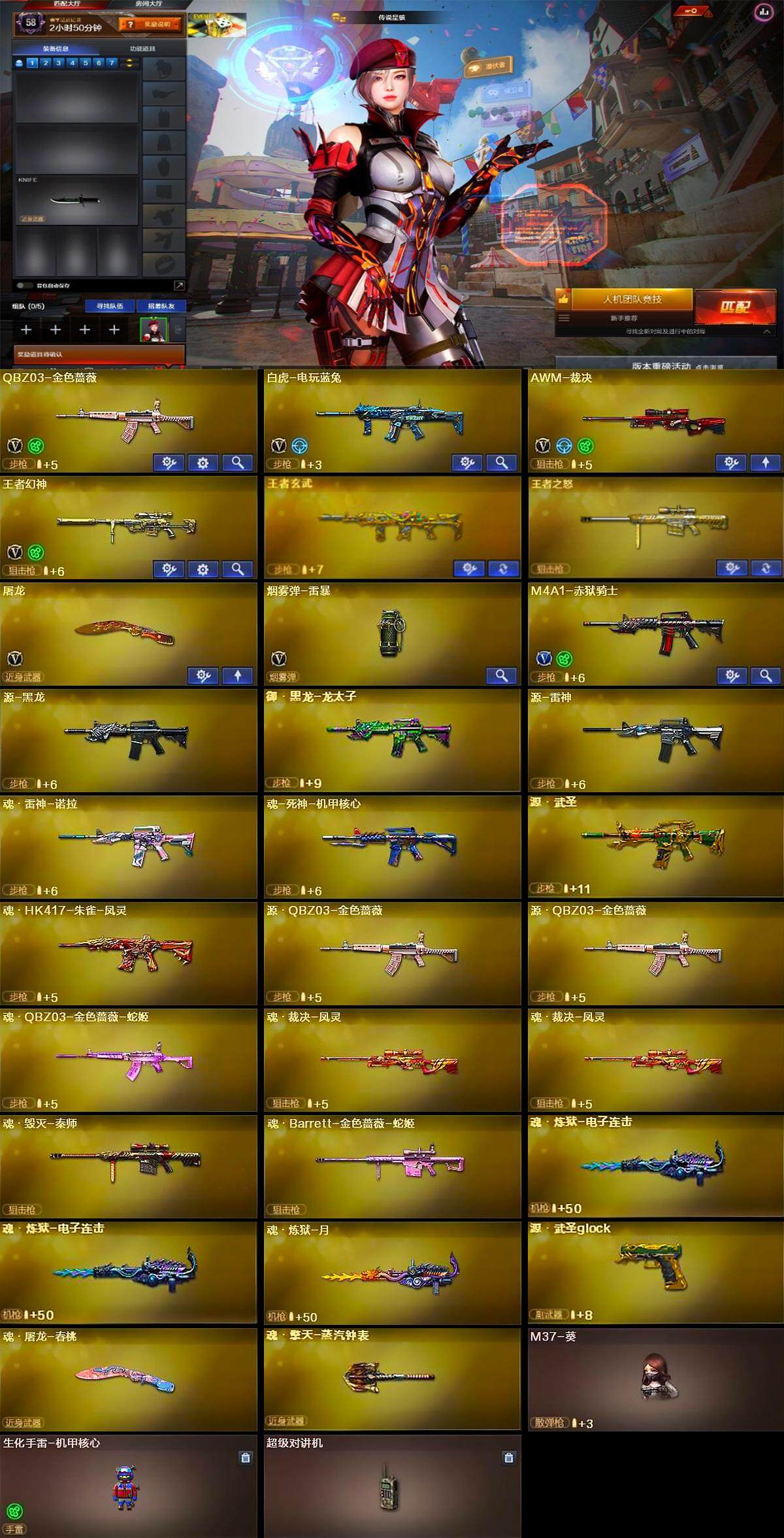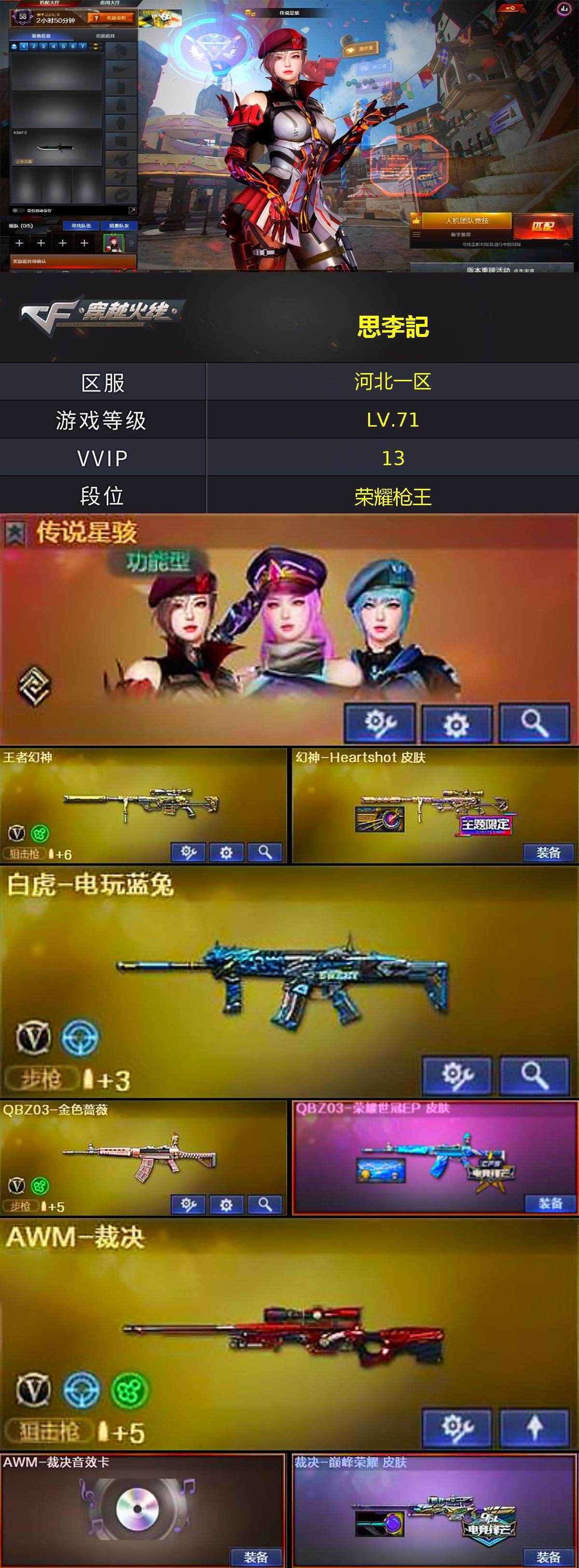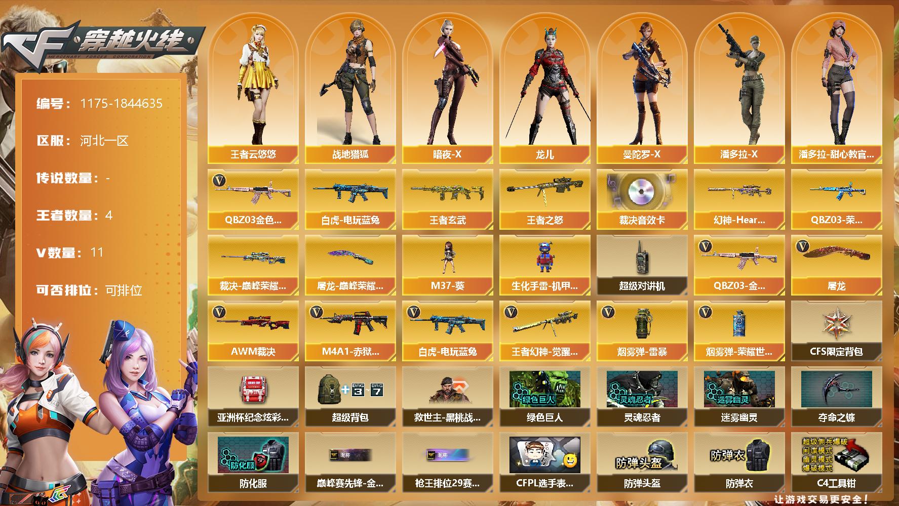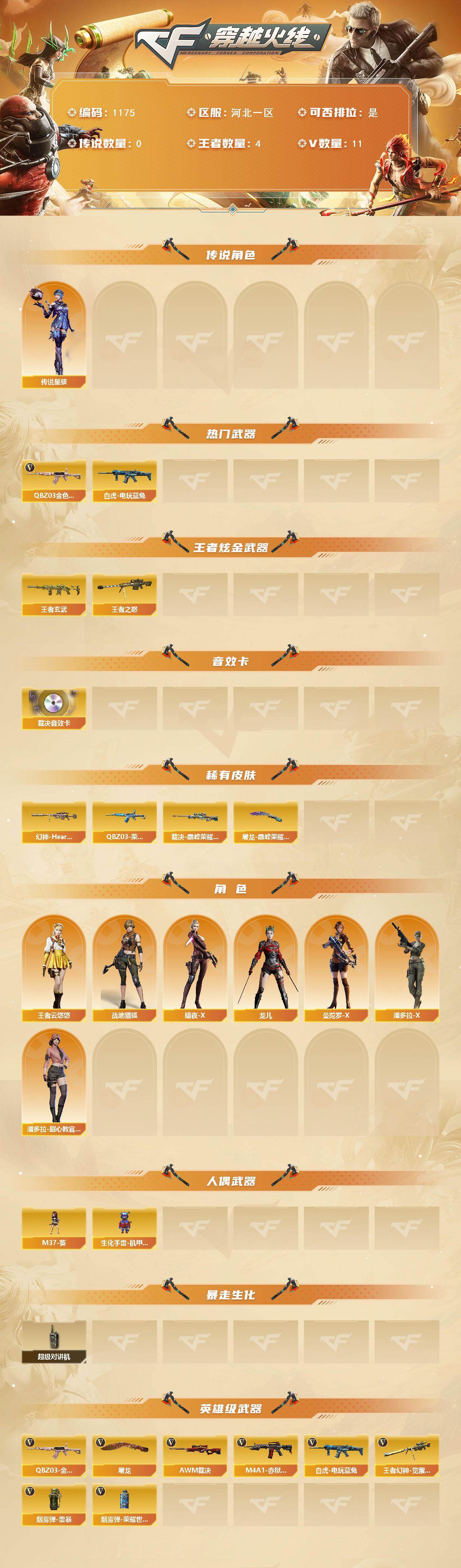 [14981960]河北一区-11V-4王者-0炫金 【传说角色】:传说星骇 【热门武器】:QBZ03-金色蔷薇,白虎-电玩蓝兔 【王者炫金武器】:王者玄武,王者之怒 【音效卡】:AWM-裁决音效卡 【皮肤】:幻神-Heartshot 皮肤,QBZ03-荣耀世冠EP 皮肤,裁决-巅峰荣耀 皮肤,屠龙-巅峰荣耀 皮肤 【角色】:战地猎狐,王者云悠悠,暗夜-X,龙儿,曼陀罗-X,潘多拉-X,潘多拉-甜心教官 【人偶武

* * *

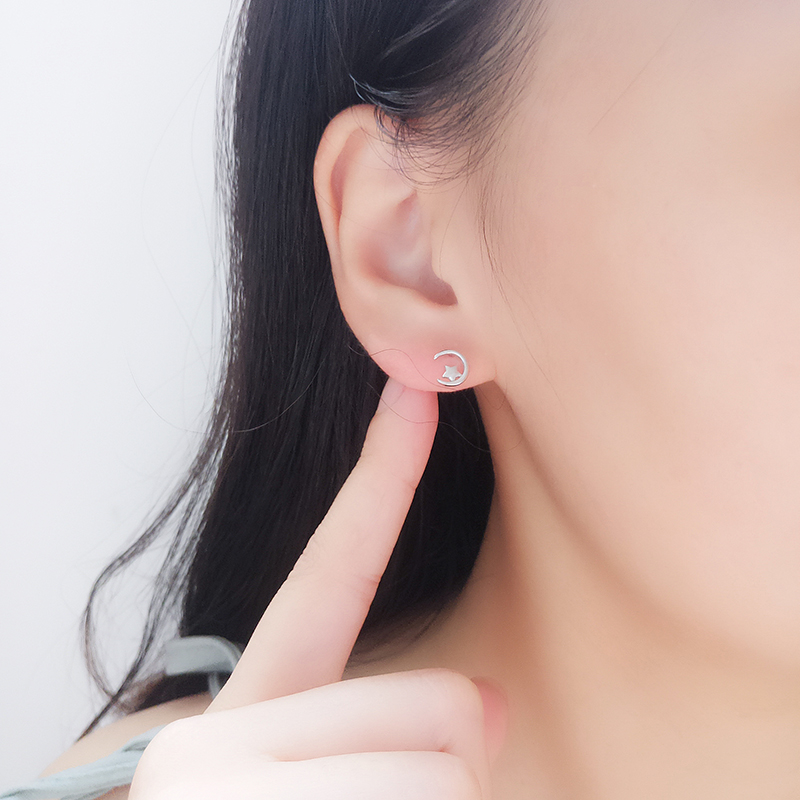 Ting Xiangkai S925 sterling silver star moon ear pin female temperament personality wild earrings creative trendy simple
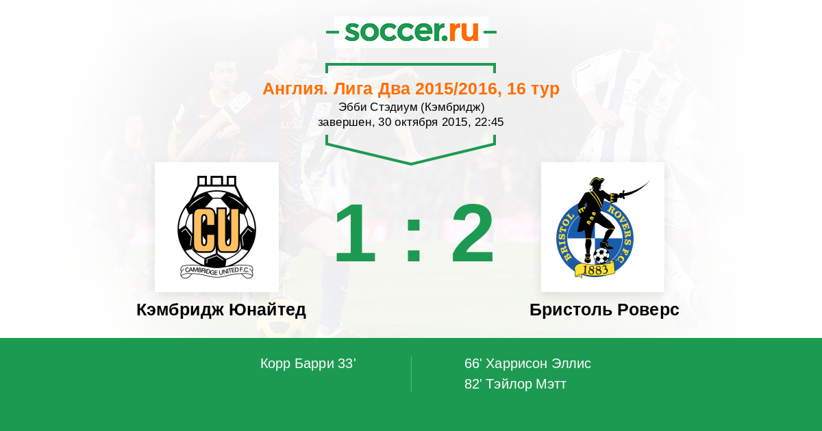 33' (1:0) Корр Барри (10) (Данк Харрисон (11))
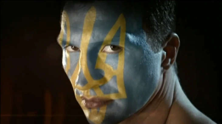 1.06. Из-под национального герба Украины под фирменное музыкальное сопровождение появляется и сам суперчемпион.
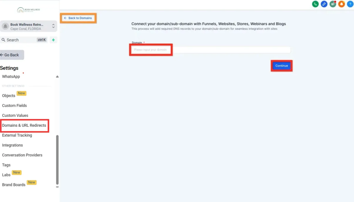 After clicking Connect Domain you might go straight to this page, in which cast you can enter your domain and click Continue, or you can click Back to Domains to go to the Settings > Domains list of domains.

==

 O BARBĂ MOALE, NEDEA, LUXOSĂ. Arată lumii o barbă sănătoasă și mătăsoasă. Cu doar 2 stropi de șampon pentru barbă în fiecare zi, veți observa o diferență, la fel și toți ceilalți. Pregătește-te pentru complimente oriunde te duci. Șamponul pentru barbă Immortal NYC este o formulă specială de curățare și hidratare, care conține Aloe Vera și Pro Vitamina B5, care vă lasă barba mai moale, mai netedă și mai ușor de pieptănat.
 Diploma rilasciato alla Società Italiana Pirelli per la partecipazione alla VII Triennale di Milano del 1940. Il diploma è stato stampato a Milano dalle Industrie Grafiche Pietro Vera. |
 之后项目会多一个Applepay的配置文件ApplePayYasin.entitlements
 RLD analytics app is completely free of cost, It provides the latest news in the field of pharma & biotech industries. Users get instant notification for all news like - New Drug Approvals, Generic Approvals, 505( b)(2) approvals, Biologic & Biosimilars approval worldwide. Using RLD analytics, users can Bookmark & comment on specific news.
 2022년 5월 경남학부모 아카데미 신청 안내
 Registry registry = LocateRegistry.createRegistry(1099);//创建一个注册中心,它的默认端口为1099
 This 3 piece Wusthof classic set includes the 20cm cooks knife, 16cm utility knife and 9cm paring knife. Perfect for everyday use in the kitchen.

**Instructions for the task:**
Print exactly, with no pictures, the lines above from the one that holds "1.06. Из-под национального" through the one that holds "After clicking Connect", both of them included.

**Response:**
 1.06. Из-под национального герба Украины под фирменное музыкальное сопровождение появляется и сам суперчемпион.
 After clicking Connect Domain you might go straight to this page, in which cast you can enter your domain and click Continue, or you can click Back to Domains to go to the Settings > Domains list of domains.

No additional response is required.